Apart from the Genitive forms previously discussed, Bikol has nominative forms for phrase markers.
|Common Noun, Definite, Non-Anaphoric||an|
|Common Noun, Definite, Anaphoric||si (Naga Dialect)
su (Legazpi Dialect)
|Common Noun, Indefinite||*in|
The common noun indefinite phrase marker exists only in Old Bikol. As I have shown in an older post, there were four example sentences provided by Marco de Lisboa in his dictionary for this phrase marker. What’s noticeable is that all the examples he used were with the phrase “garo na” + ing. I will reproduce one here:
|English||Whose tracks are these, they look like hunting tracks.|
Ini is the subject complement in the sentence, with “ing aging bikas” the subject. With “aging bikas” having a generic referent, the indefinite ing is used. As a matter of fact, ing can be replaced with sarong (a in English) and the whole sentence makes grammatical sense (Kiisay daw na agi ini, garo na sarong aging bikas).

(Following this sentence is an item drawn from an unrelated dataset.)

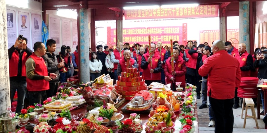 祭祀大典上,主祭人按古制宣读祭文,敬献三牲、酒礼,宗亲代表依次上香跪拜,庄重的仪式感传递着客家先民 “慎终追远” 的文化基因。现场还设置贺匾迎送环节,各地宗亲带来的 “祖德流芳”“忠孝传家” 等匾额,被一一悬挂于堂内,见证宗族联结。 此外,书画创作、写春联等文化活动同步开展,书法家挥毫泼墨,将客家家训、吉祥话语融入笔墨,为庆典增添了浓郁的文化气息。

Interestingly, another language south of Bikol still has this marker but is also slowly losing it, Samarnon. We will just summarize Samarnon’s use of in vs. an which I explored here. I pointed out that definiteness can’t be differentiated from indefiniteness just by the presence of particular words or arrangement of such words; it depends on the intent of the speaker. Check the summary of my search about definiteness as explained by linguists.
In is the default marker if the referent is generic or has not been focused on distinct from the rest of other similar referents. When I say generic, what I meant is that the nominal or NP is interchangeable from similar referents. The expression does not refer to a particular instance, but to any one of possible instances. On the other hand, an is used when the noun referent is restricted to a subset of referents that the discourse participants can identify using context, prior discourse content or words that singles out the referent and limits its application
I’d like my conlang Filipino language to have definite vs. indefinite distinction in the nominative, that’s why I am exploring its usage in Old Bikol and Samarnon in the nominative and possibly other languages adjacent to them.
In the genitive case, Romblomanon, Hiligaynon, Bikol and Bisakol (Masbatenyo, etc.) have this distinction as well. For the anaphoric vs non-anaphoric distinction, it seems Samarnon, Bikol, Casiguran Dumagat, Paranan and Isnag have these. So its noteworthy that most of these distinctions can be found in either Bikol or Samarnon.